## PROMPT
Restate the listing word for word. Stop at the line that holds "В квартире есть", include it, and leave out all pictures.
_____
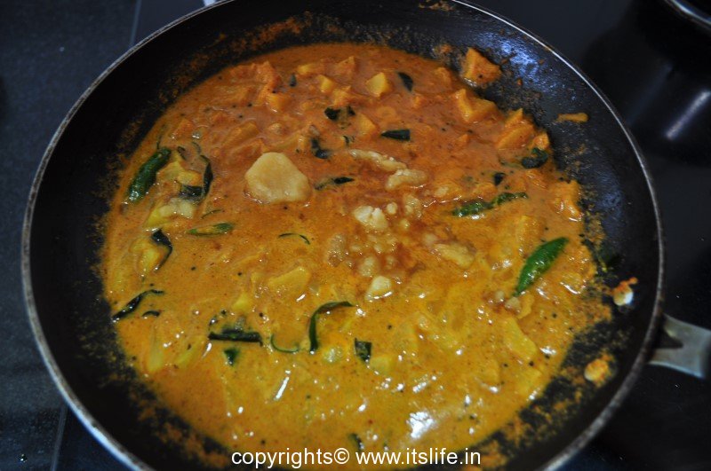Cook Pineapple pieces with water and little salt and sieve. Keep cooked Pineapple aside. Grind Coconut and Gojjina pudi to a paste.
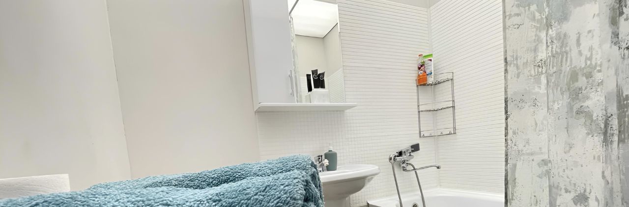 В квартире есть удобная система хранения вещей . Большой плательный шкаф, ТВ. Санузел с ванной и стиральной машиной.
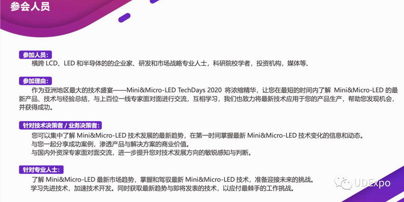 Mini&Micro-LED TechDays 由舜聯(lián)智庫主辦,將于2020年7月31日- 8月2日在第二屆國際顯示博覽會(huì)(UDE2020)同期舉辦。一年一屆,是一個(gè)展示、學(xué)習(xí)和分享的平臺(tái),為來自業(yè)內(nèi)的企業(yè)和個(gè)人提供最新產(chǎn)品和技術(shù)趨勢(shì),直接與業(yè)內(nèi)的本地及國外的技術(shù)專家面對(duì)面交談,分享合作伙伴最新的技術(shù)、解決方案和成功案例,互動(dòng)探討以及更多的學(xué)習(xí)機(jī)會(huì),并且可以幫助企業(yè)家、研發(fā)和市場(chǎng)戰(zhàn)略專業(yè)人士掌握行業(yè)發(fā)展趨勢(shì),尋找伙伴,推動(dòng)其所在企業(yè)和行業(yè)借助科技的力量不斷發(fā)展。
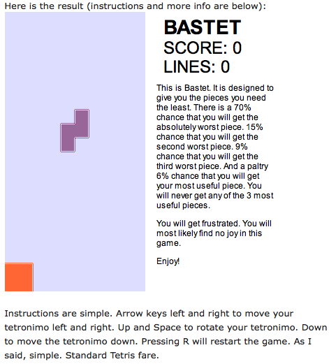 Whether you’re a casual player intrigued by the twist or a seasoned Tetris veteran craving an unforgiving new variant, Bastet delivers endless replay value. Its deceptive simplicity conceals a deep well of strategic possibilities, making each session a fresh test of wits. For anyone seeking a puzzle game that refuses to go easy, Bastet is a must-try.
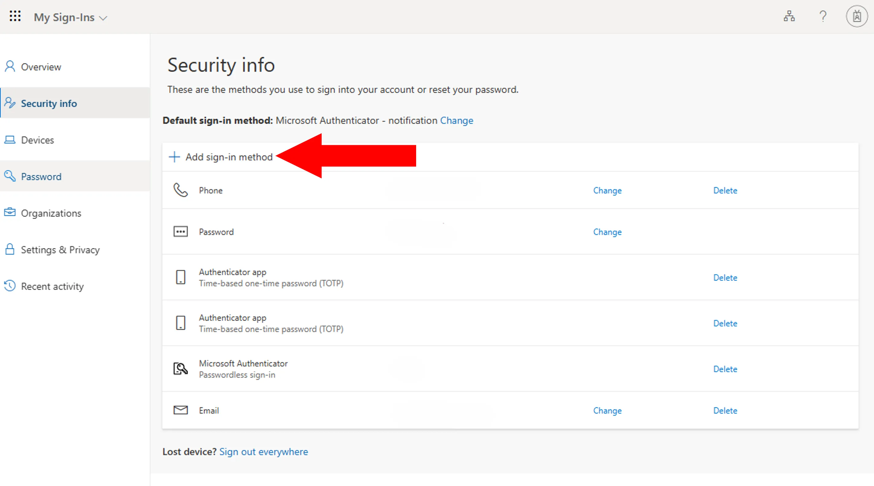 - If you are then taken to the “Security info” page, you have successfully signed in.
_____
## TASK ANSWER
Cook Pineapple pieces with water and little salt and sieve. Keep cooked Pineapple aside. Grind Coconut and Gojjina pudi to a paste.
 В квартире есть удобная система хранения вещей . Большой плательный шкаф, ТВ. Санузел с ванной и стиральной машиной.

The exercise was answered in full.